TANJU BEYAZIT YAZDI:KORKAK BURJUVAZİ
“Halk baskı altındaysa, kendine kendinden başka bir şey kalmamışsa, ona ayaklan demeyen alçaktır.” Robespierre - 26 Mayıs 1793
Demiş de Robespierre. Jakobenler Fransa’da Cumhuriyeti vazgeçilemeyecek kadar yerleştirmişlerdir. Birlikte yola çıktıkları burjuvazi, jakobenlerin devrimci ısrarından ürkmüş ve Robespierre’yi giyotine göndermişlerdir.
Laiklik, aydınlanma bir zorlu yoldur. Tereddütü gevşemeyi kaldırmaz.
Anayasal monarşi iliklerinize kadar yerleşirse artık sizi de çarklarında öğütür. Gün gelir size; “ sen işine bak !“ derler.
Laiklik saçma sapan bir din karşıtlığı değil, dinin vesayet altından kurtulmasıdır. Uygar olmaktır. Laikliğin olmadığı hiçbir toplumda sistemli bir üretim düzeni olamaz. Üretim bölüşüm ilişkileri olamaz. Feodalizm bilimsel teknolojik üretimin ayak bağıdır.
Küçük burjuvazi de laikliğe tedbirli ve ürkek yaklaşmaktadır. Çünkü ufku bu derin paradoksu anlayabilecek kadar geniş değildir.
Peki, işçi sınıfı?..
İşçi sınıfı şaşmaz biçimde bu ilişkinin içindedir. Her gün, her dakika monarşik sistemin baskıları altındadır. O var olduğu sürece nefes alamaz.. Alamayacaktır. Ne yolda yürüyebilirler, ne sendikal faaliyet yürütebilirler! Ancak, buradan çıkışın hangi siyasal sistemde olabileceğini öğrenirler. Bunun için de işçi sınıfı laikliğin reddedilemez dostudur. Hiç bir aydınlanma hareketi işçi sınıfını ürkütmez, tedirgin etmez. Aksine umutlandırır.

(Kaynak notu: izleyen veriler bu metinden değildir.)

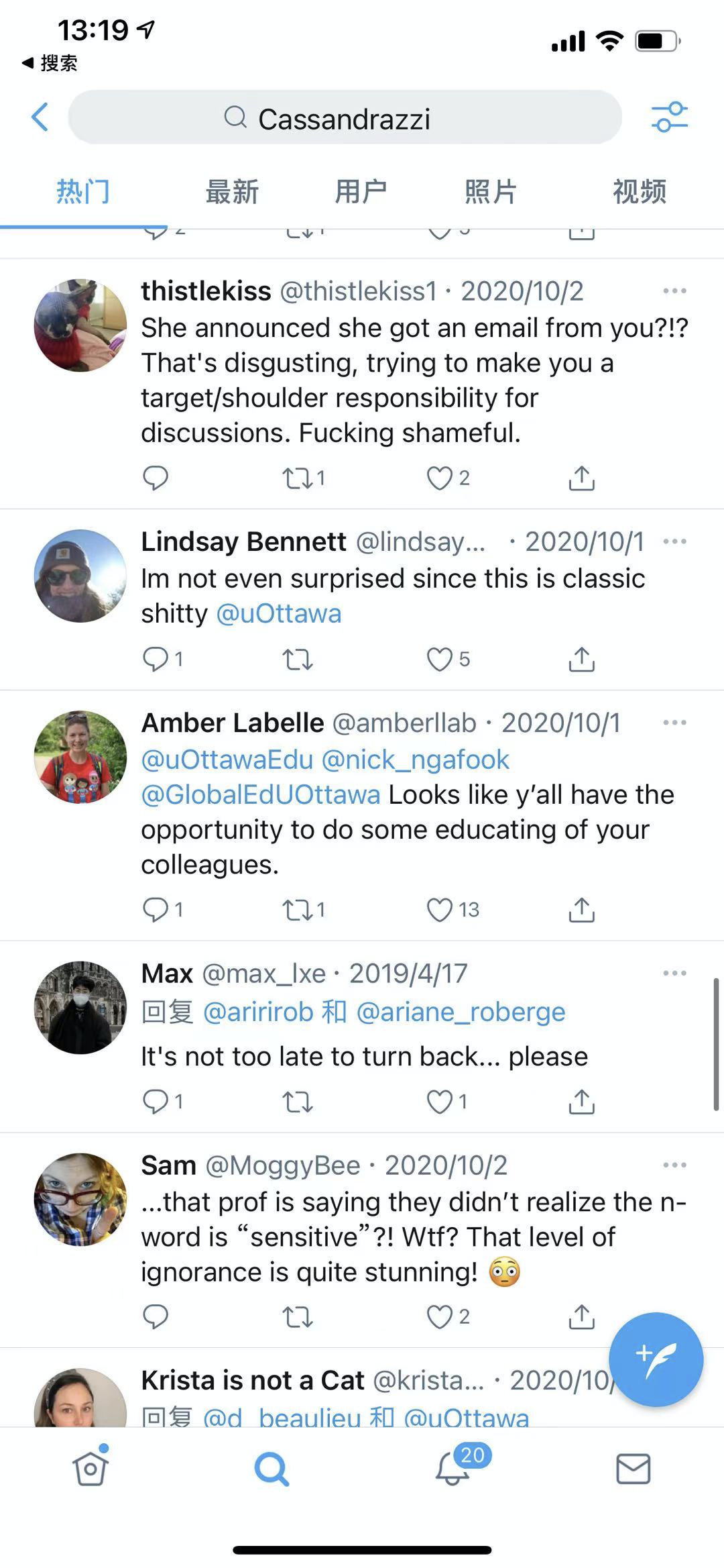 然而為時已晚,這名同學還是把她和Duval的郵件溝通記錄發到了網上,並且配文@了渥太華大學的官方推特,要求大學管好他們的教授,不要再説N-Words了。同時還公佈了老師的姓名、電子郵件和地址。
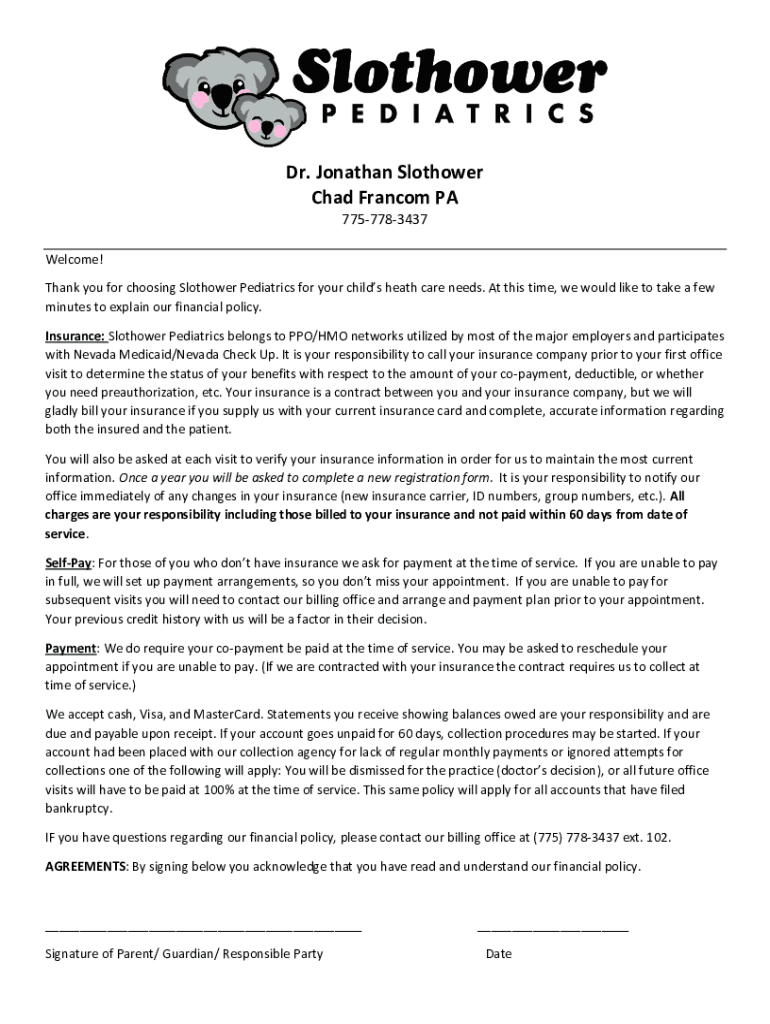 Dr. Jonathan Slower Chad Franco PA 7757783437 Welcome! Thank you for choosing Slower Pediatrics for your children care needs. At this time, we would like to take a few minutes to explain our financial
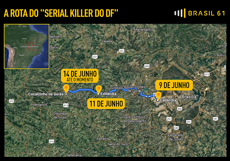 Uma precisa linha do tempo ainda está sendo traçada por diferentes investigadores, mas os casos que motivaram a operação em andamento começaram, ao que tudo indica, em abril. Ele é o apontado como autor de um roubo seguido de estupro, em Sol Nascente, Região Administrativa da periferia do Distrito Federal. Nos meses seguintes, Lázaro ainda fez uma família refém na mesma cidade e cometeu um dos crimes mais bárbaros, o assassinato de um casal e dois filhos, no Incra 9, em Ceilândia (DF).
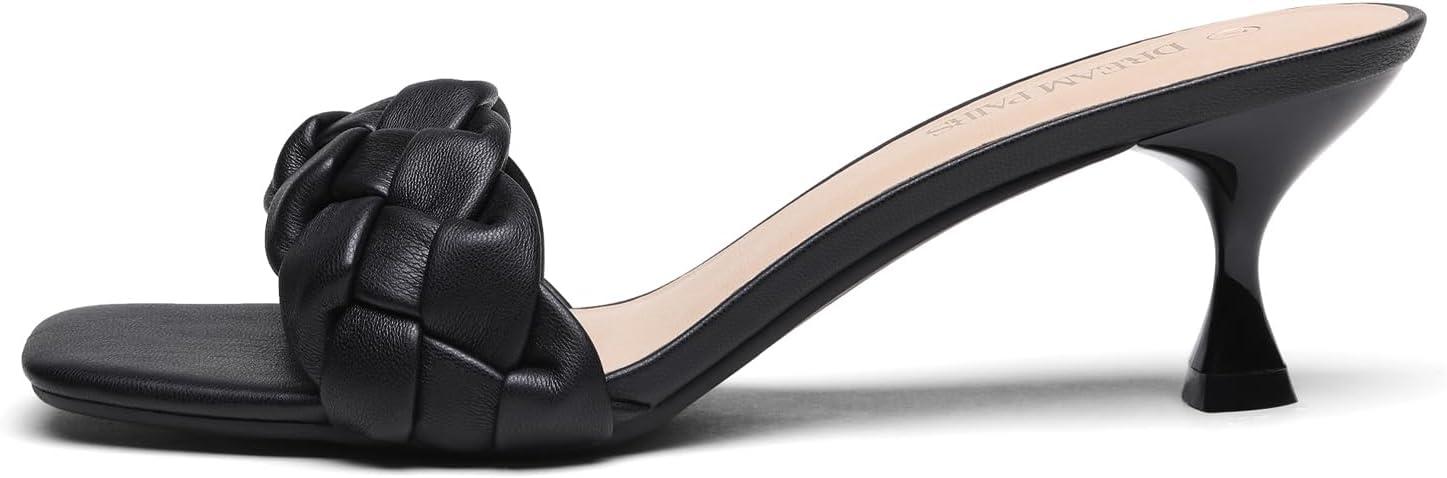 DREAM PAIRS Heels for Women Rhinestone Open Toe Low Kitten Heels Sexy Stilettos Heels Pump Sandals Party Evening Prom Dance Dress Shoes(Black/Pu)

Kapitalizm derin bir çaresizlik yaşamaktadır. İnsanlara sunabileceği bir şeyleri yoktur. İşte bu nedenle korkaktır burjuvazi.. Çünkü artık top kitlelerin elindedir. Küresel çapta bir arayış, yeni bir çıkış dalgası gelmektedir derinlerden. Bu nedenle monarşizme pirim vermektedir, bu nedenle feodalizmin en gerici dinsel ilişkilerinin yolunu açmaktadır. Çünkü korkaktır. Kaybetmekten korkmaktadır.